Cybercrime is more efficient and organised than ever, following the discovery of a site selling fraudulent credit card details in volume.
The underground exchange service 'SellCVV2' has been actively promoting the sale of credit card data as well as guaranteeing volume discounts for large scale fraudsters.
Prices depend on whether the card is a Classic Visa or Mastercard, a premium account such as Gold, Platinum or Business/Corporate card, and its country of issue.
It is possible to pay $38 (19) per set for card data for premium card accounts in small volumes, going down to $10 (5) for Classic card data in volumes of 100 or more.
"Customers are being offered trial set of data, as well as a guarantee on account details that do not work," said Yuval Ben-Itzhak, chief information officer of Finjan.
"The site, which appears to use Google's Blogspot service, is typical of a number of portals promoting the exchange of fraudulent credit card data.
"But what is apparent from the SellCVV2 site is the level of commercialisation involved."
Ben-Itzhak said that there was a great level of maturity and sophistication in the way the site worked, and that the problem was only going to get worse.

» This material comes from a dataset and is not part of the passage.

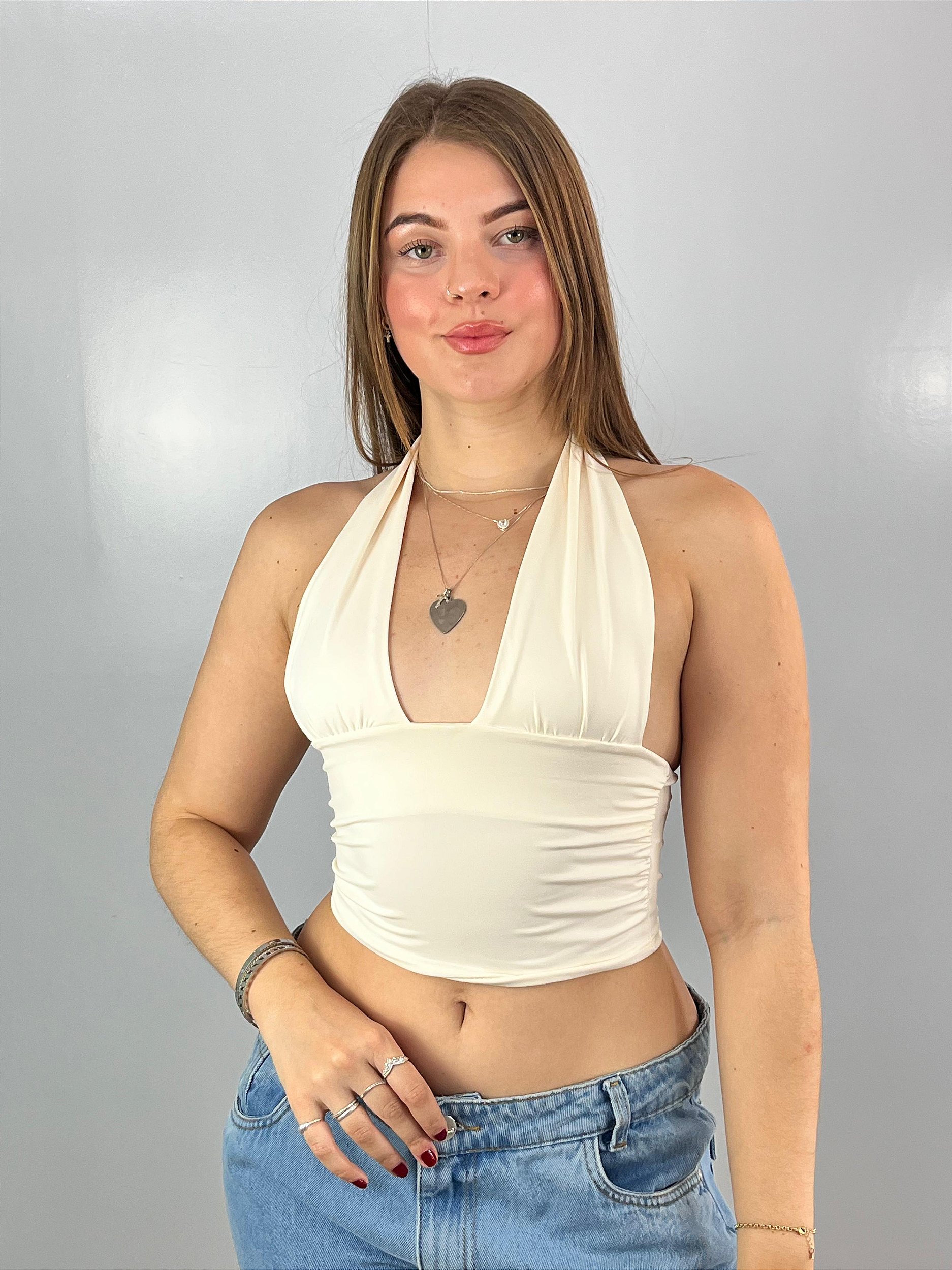O Cropped Jade é a peça-chave para quem busca estilo e praticidade no dia a dia. Com design multiformas e decote profundo, ele permite diversas formas de amarração, adaptando-se ao seu corpo e ao seu estilo com liberdade e criatividade.

"As long as there are people willing to pay for this data, there will be people out there who will use their skills to steal it. That's the basics of economics, so I don't see any way that it's going to stop."
He advised businesses to keep up to data on their web security as well as make sure that users inside the company were well educated about the possible threat.
The fact that the criminals appeared to use Web 2.0 technology with a Google Blogspot page was also something which businesses had to be wary of and also keep up to date with.
"Web 2.0 services play a major role in the market today," Ben-Itzhak said. "Although they are good for people in that it is all about sharing, this also serves the bad guy as they can store malicious code."